You clearly care a lot about the fate of these patients. Besides correcting bad science, what has been the driving force to keep pursuing this work so passionately?
So I’ve kept pursuing this for a number of reasons. One it’s just been a fascinating story. It’s not that often that you get as a journalist or someone in public health that you get to sort of smack down a Lancet paper. So that’s been professionally very rewarding. Also as I said — I get emails and I get messages from people telling me that it’s helping them. And this also keeps me going. As people know I crowdfunded to continue doing this. So at this point I mean I have a financial obligation to keep doing it at least till next summer. And then… but I mean I feel nobody else is … Again as a reporter or someone [in] public health you like having something that people aren’t really looking at and in terms of [this] as a reporting thing it really hasn’t been something that more recently anybody’s taken on. Now Hilary Johnson in the 90s was reporting on this way back when … 20 years ago. She is still reporting on it but it’s not something that anybody’s really looking at in a big way. So I’ve been able to do that to some degree and that’s been very nice to be able to do.
What are your future plans for the next coming years?

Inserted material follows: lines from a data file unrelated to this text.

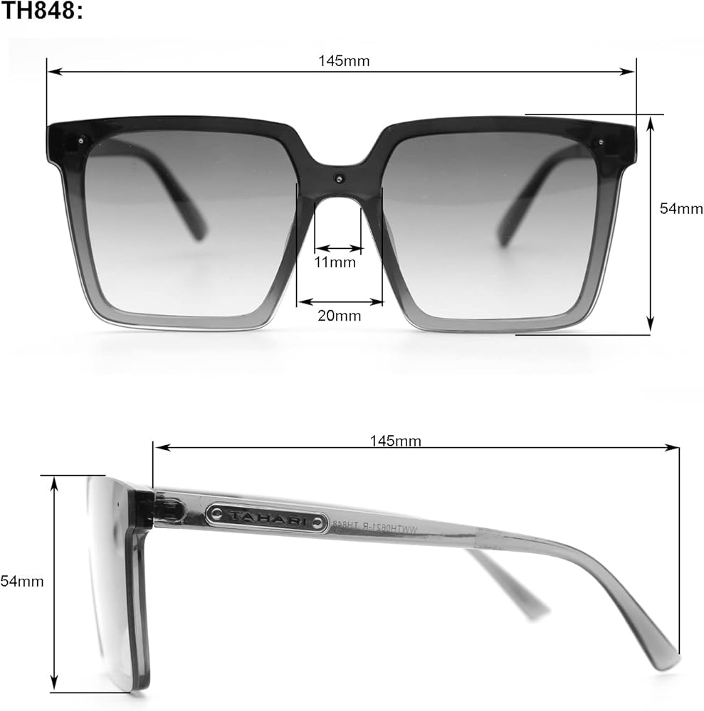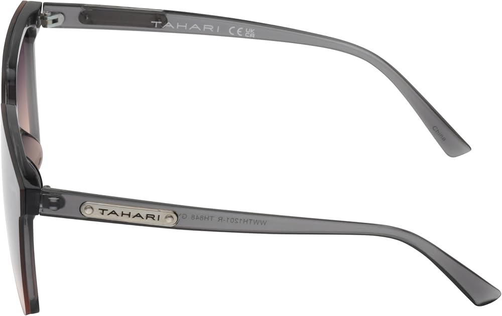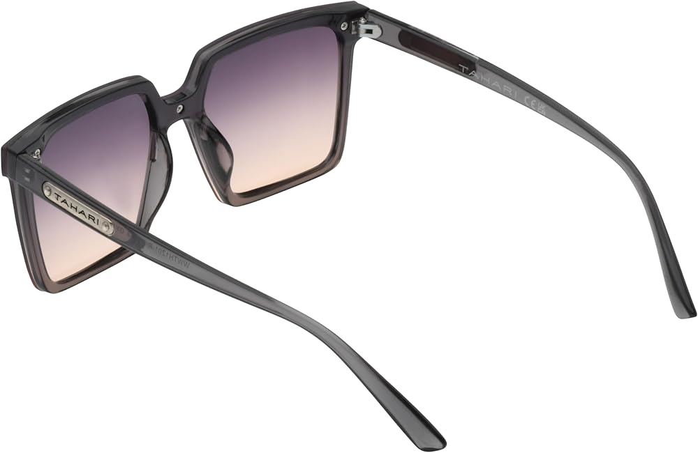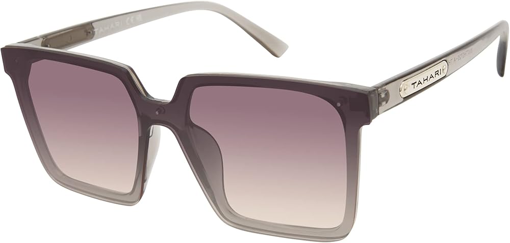 TAHARI DEFINES MODERN SOPHISTICATION: You're sure to receive lots of compliments wearing these oversized TAHARI square sunglasses for women, made of a lightweight translucent crystal polycarbonate material with a shield lens that is a seamless style with 100% UV protection and metal TAHARI temple logo. Timeless Elegant Gifts for Ladies.
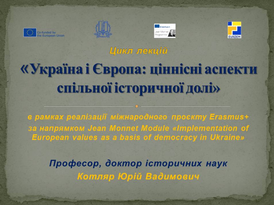 Курс відбувається в межах реалізації міжнародного проєкту Erasmus+ за напрямком Jean Monnet Module «Implementation of European values as a basis of democracy in Ukraine».
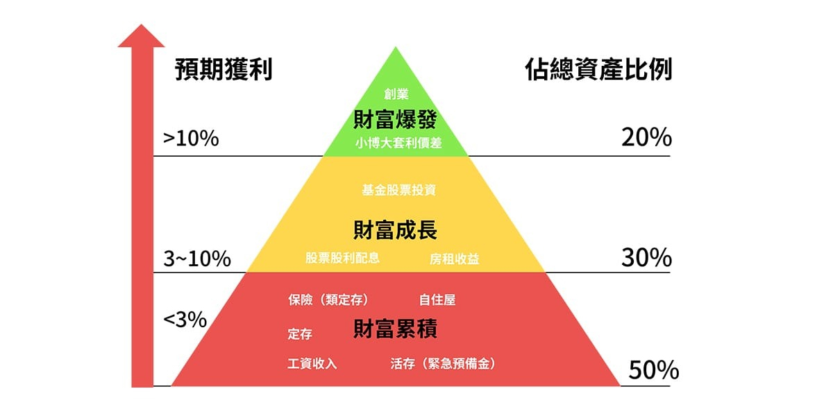 累積,就要學懂理財金字塔。金字塔既概念係底座要穩,上輕下重,才能穩陣向上。
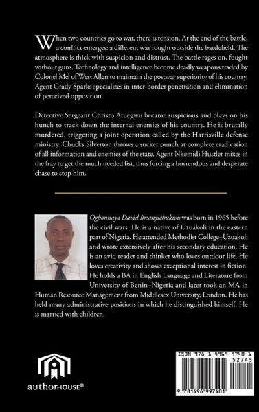 When two countries go to war, there is tension. At the end of the battle, a conflict emerges: a different war fought outside the battlefield. The atmosphere is thick with suspicion and distrust. The battle rages on, fought without guns. Technology and intelligence become deadly weapons traded by Colonel Mel of West Allen to maintain the postwar superiority of his country. Agent Grady Sparks specializes in inter-border penetration and elimination of perceived opposition. Detective Sergeant Christo Atuegwu became suspicious and plays on his hunch to track down the internal enemies of his country. He is brutally murdered, triggering a joint operation called by the Harrisville defense ministry. Chucks Silverton throws a sucker punch at complete eradication of all information and enemies of the state. Agent Nkemidi Hustler mixes in the fray to get the much needed list, thus forcing a horrendous and desperate chase to stop him.
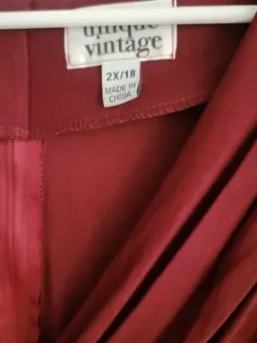 Unique Vintage delores swing dress. Wrap-style V-neck with gathered detail. Three-quarter sleeves with roll-tab. Soft, drapey fabric with a flowing silhouette.
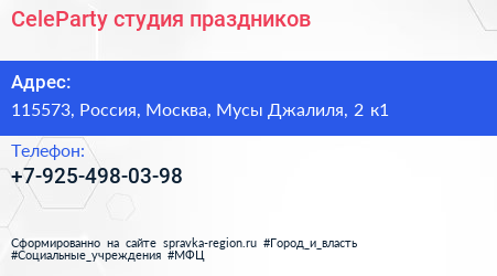 CeleParty, студия праздников по адресу 115573, Россия, Москва, Мусы Джалиля, 2 к1 в дальнейшем Организация, размещена в следующих категориях:
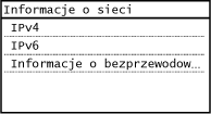 Umożliwia wyświetlenie ustawień sieciowych, np. ustawień adresu IP urządzenia, oraz stanu sieci, np. poprawności działania bezprzewodowej komunikacji LAN.
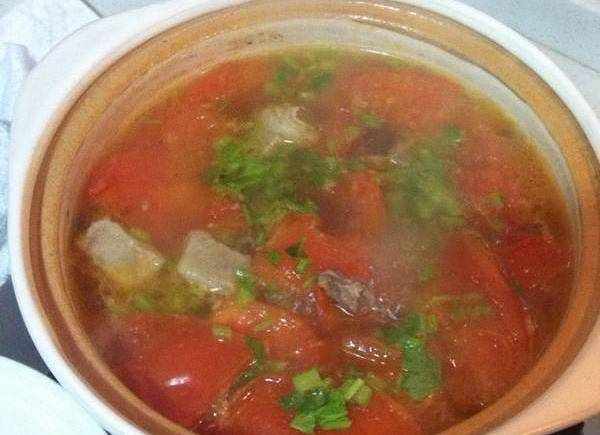 材料:魚湯、蕃茄、芹菜、豬肉、薑片、香油、鹽、糖、酒、白胡椒粉做法:1、蕃茄先用滾水燙熟,去皮切塊備用,豬肉切片,芹菜洗凈切段。2、取湯鍋,倒入高湯中火煮開,放切好的豬肉、芹菜、蕃茄、薑片煮10分鐘。3、轉小火續煮10分鐘,加入香油、鹽、糖、酒、白胡椒粉調味即可。
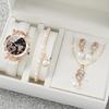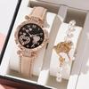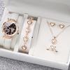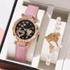Elegant Crystal Heart Butterfly Bracelet & Leather Strap Quartz Watch with Pink Gemstone Set
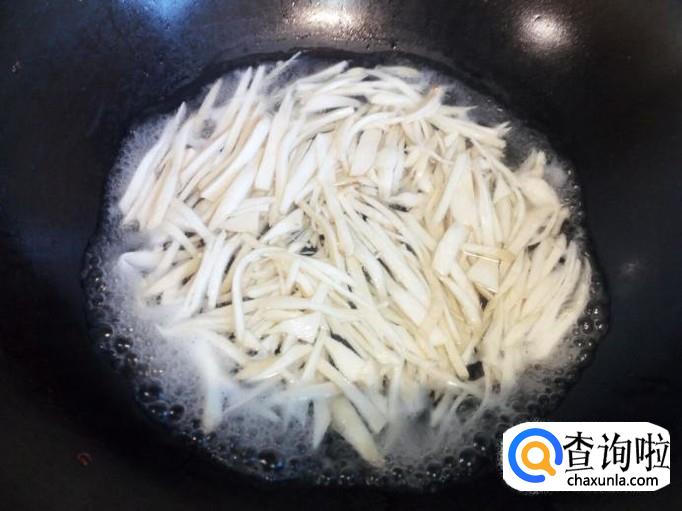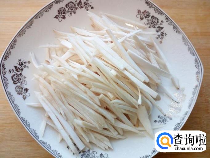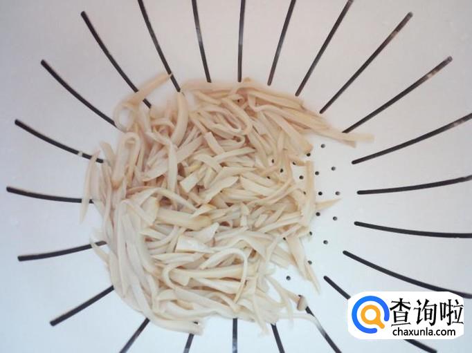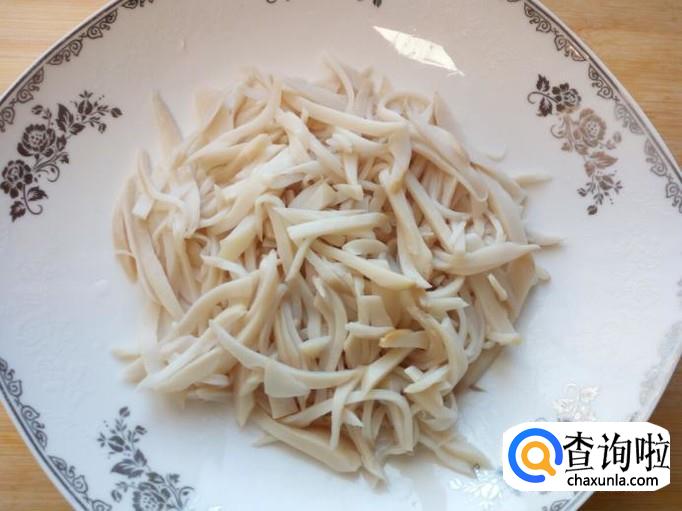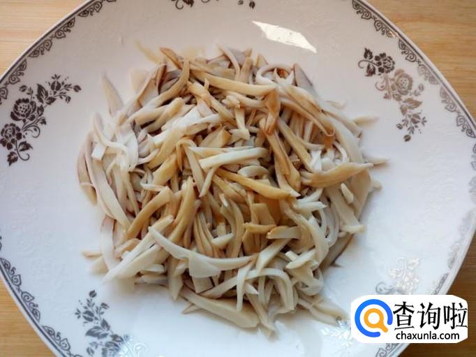 杏鲍菇收拾清洗干净,控干水分,切成丝。
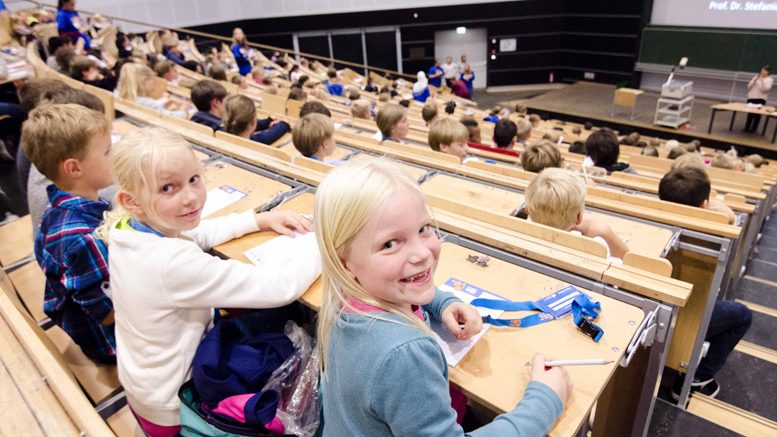 Einmal im Rennwagen sitzen, das ist der Traum etlicher junger Menschen. Mit einem Bausatz ein eigenes Spielzeugauto bauen, lädt zu Wettrennen über kurze Distanzen ein. Mit einem 3D-Drucker Dinge gestalten, entpuppt sich als faszinierend. Mit einer Wissenschaftlerin eine gläserne Rose oder einen zerbrechlichen Fahrradschlauch zerschlagen – das ist spannend. All diese Erlebnisse hatten Kinder und Eltern im Rahmen der Kinderuni-Vorlesung zum 50-Jährigen Bestehen der Universität Siegen am Campus Adolf-Reichwein-Straße. Mitte Mai öffnete das Audimax die Pforten. Das Department Maschinenbau und das Haus der Wissenschaft hatten zum Erlebnisnachmittag „Maschinenbau für junge Menschen“ eingeladen. Rund 100 Gäste folgten den Kurzvorlesungen von Dr. Carolin Zinn und Prof. Dr. Peter Burggräf. Sie probierten im Foyer den Sitzkomfort des Rennwagens der Speeding Scientists aus, arbeiteten am 3-D-Drucker, bestaunte stattliche Autofedern, schauten sich Stahlstrukturen unter dem Mikroskop an und bastelten aus Holz, Pappe und Gummis kleine Rennwagen. Für Getränke und Waffeln sorgte die Fachschaft Maschinenbau.
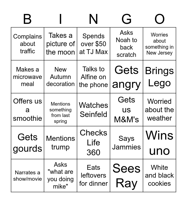 This bingo card has a free space and 24 words: Narrates a show/movie, Mentions trump, Talks to Alfine on the phone, Sees Ray, Worries about something in New Jersey, Complains about traffic, Takes a picture of the moon, Spends over $50 at TJ Max, Gets us M&M's, Worried about the weather, Offers us a smoothie, New Autumn decoration, Says Jammies, Wins uno, Makes a microwave meal, Asks "what are you doing mike", Eats leftovers for dinner, Asks Noah to back scratch, Brings Lego, Gets gourds, Mentions something from last spring, Checks Life 360, Gets angry and White and black cookies.
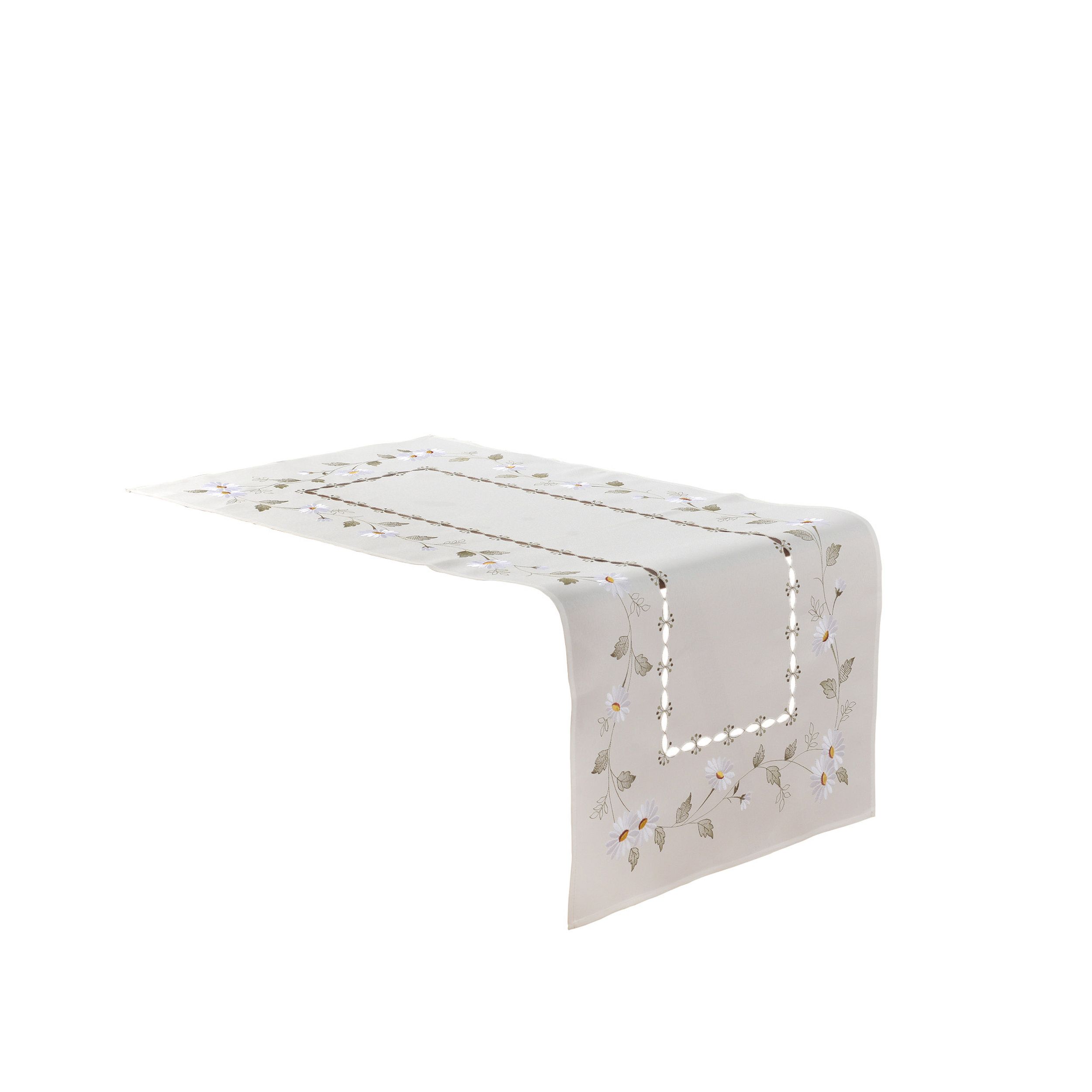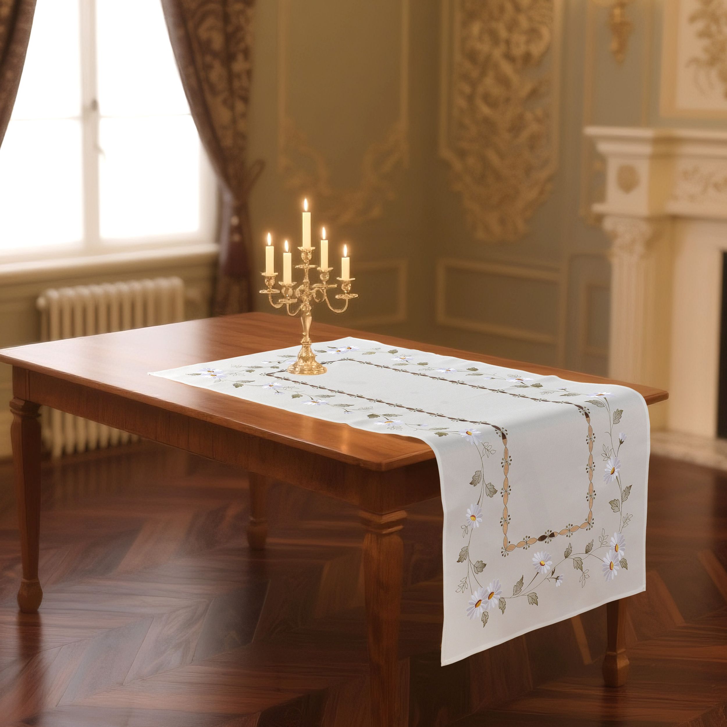 Bieżnik dekoracyjny wykonany z miękkiej i przyjemnej w dotyku tkaniny zdobionej haftem.

So my future plans– I’m only planning right now until next June 30th. I crowdfunded, just the second year, I crowdfunded to do this for a year. So for the next period of time I have a batch of other things I’m trying to write about. I’m trying to keep up with some of the science. I’m trying to keep up with the NICE guidelines and what’s going on in the US and people’s disability and all this kind of stuff. So I feel like I’ve got way too much to try to think about doing. And I’m also trying to work on couple peer-reviewed papers so that also takes time. So you know I’ll keep doing this and then I’ll figure out at some point in the spring if I’m going to keep doing it again for another year– if there’s the need for that. You know, where things are at that point.
Any final words?
So one thing I wanted to say is that sometimes people ask me why I am even working on this. It’s not something that you get a lot of… People don’t know about it. You mention chronic fatigue syndrome, you can sort of see their eyes roll in their head and they’re kind of like already bored. And you know it’s not something you want to necessarily… talk about a cocktail party…Like, oh you know — but… it’s a challenging thing. And that’s reflected in how editors respond if you try to pitch articles about it too. So it’s not something that… Certainly there’s no public health… when I was you know at public health school, you know… at Berkeley nobody’s researching it. Nobody knows about it. So it’s something that I felt I kind of stumbled into just because of a friend who was sick. And I started looking into it and I really–it’s been a great privilege for me to be able to work on it. And to be able to… if what I’ve done is give people hope then that’s really an amazing thing. And I really — that means a lot to me so those are reasons why I’ve kept doing it also.